Виссарион Белинский. Его жизнь и литературная деятельность - Михаил Протопопов
Шрифт:
Интервал:
Закладка:
В миросозерцании Белинского этот процесс произошел в такой форме: первая фаза – индивидуальная мораль и нравственный закон в смысле верховного регулятора человеческих действий и отношений; вторая фаза – отрицание всякой морали как логический результат преклонения перед действительностью и ее разумом; третья и окончательная фаза – возвращение к морали в смысле идеала общественной справедливости, с вытекающею отсюда обязанностью реформировать действительность в духе этого идеала. Просим читателя никогда не упускать этого из виду, и каждый раз, когда зайдет речь о Белинском, когда он услышит похвалы или порицания ему, – пусть он осведомится, о каком именно Белинском говорится в данном случае. Да, о каком Белинском, потому что, в точном смысле этого слова, мы имеем не одного, а трех Белинских: Белинского двадцатых годов – отвлеченно-благородного проповедника общей человеческой морали; Белинского тридцатых годов – проповедника не только необходимости, но и разумности всего существующего, а стало быть, и того, что противоречит всякой морали, раба и поклонника факта, защитника каких угодно безобразий, раз они реализировались в действительности; наконец, Белинского сороковых годов – умственно и нравственно просветленного могучего деятеля, с верным критерием в руках, строго и отчетливо отделяющего истину от лжи, добро от зла, деятеля, дающего свою поддержку и санкцию тому лишь, что не только необходимо, но и нравственно справедливо.
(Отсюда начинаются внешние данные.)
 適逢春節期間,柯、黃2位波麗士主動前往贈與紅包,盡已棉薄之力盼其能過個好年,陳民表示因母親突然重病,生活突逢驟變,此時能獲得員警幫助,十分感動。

Фактически переход Белинского от абстрактно-моральных воззрений к преклонению перед «разумной» действительностью совершился постепенно, и начало его нужно искать в студенческих, необыкновенно замечательных кружках, организовавшихся в университете во время пребывания там Белинского. Предоставим рассказать об этих кружках Пыпину.
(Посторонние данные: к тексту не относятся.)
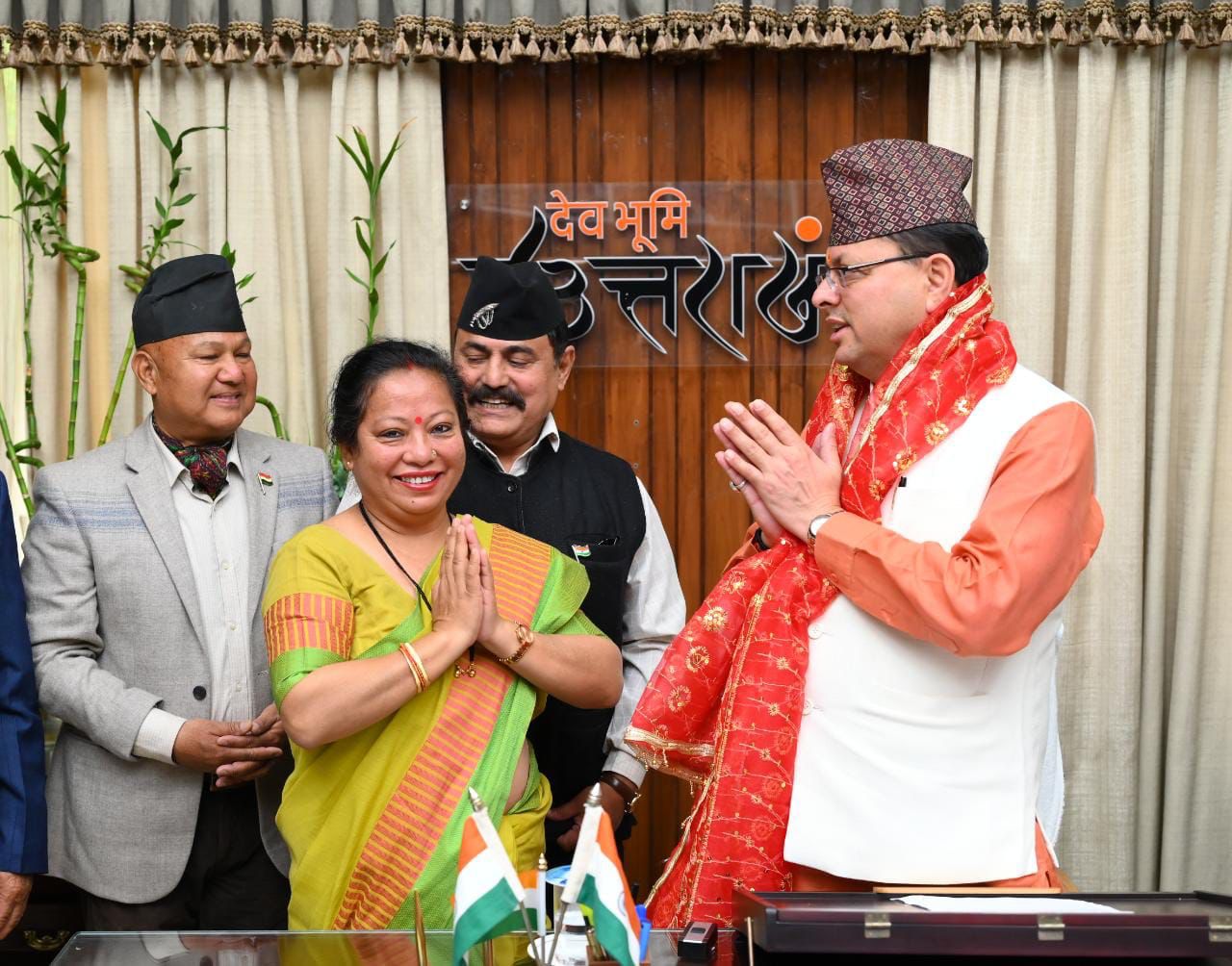 देहरादून- गोर्खाली सुधार सभा के अध्यक्ष पदम बहादुर थापा, भाजपा शहीद दुर्गामल्ल मण्डल की अध्यक्ष ज्योति कोटिया ने प्रदेश के मुख्यमंत्री पुष्कर सिंह धामी से मुकाकात की। इस अवसर पर उन्होंने मुख्यमंत्री से सरकार में गोरखा समुदाय के प्रतिनिधित्व की मांग की। इसके बाद इस प्रतिनिधिमंडल ने कैबिनेट मंत्री गणेश जोशी से भी भेट की।

«Два кружка, в которых собирались наиболее одушевленные юноши, образовались в одно время; но при общем идеализме совершенно расходились в направлениях. Один кружок с самого начала увлекался общественными теориями. Другой кружок, образовавшийся около Станкевича, первоначально воспитался прямо на философии, выслушанной у Павлова и Надеждина, и, увлекаемый заманчивой перспективой решений глубочайших вопросов человеческой мысли, отдался исканию этих решений, пренебрегая всем остальным как ничтожным в сравнении с этими всеобъемлющими вопросами. Оба кружка знали друг о друге, но между ними не было симпатии: мало понимая друг друга, одни считали своих противников фантазерами, бесплодными и бесчувственными к животрепещущим вопросам общества; те, в свою очередь, смотрели свысока на „политиков“ и пренебрегали мелким либерализмом. „Им не нравилось и наше почти исключительно политическое направление, – говорит современник, тогда враждебный кругу Станкевича, – нам не привилось их почти исключительно умозрительное. Они нас считали фрондерами и французами, мы их – сентименталистами и немцами“. Белинский, с самого начала увлекавшийся поэтическими и отвлеченно-моральными интересами, рано присоединился к кругу Станкевича; он встречал здесь те же стремления, и вместе с тем личность Станкевича произвела на него то привлекательное действие, влияние которого уцелело в Белинском на многие годы и которое Станкевич производил вообще на всех, с кем он сближался».
Трудно, да и бесполезно, вообще говоря, судить о том, что было бы, если бы и т. д. В данном случае, однако, с большой долей уверенности можно сказать, что и для самого Белинского, и для нас, его почитателей, и для всей нашей литературы оказался спасительным тот факт, что слишком горячий и никаких компромиссов' не переносивший Белинский очутился под примирительным влиянием кружка Станкевича.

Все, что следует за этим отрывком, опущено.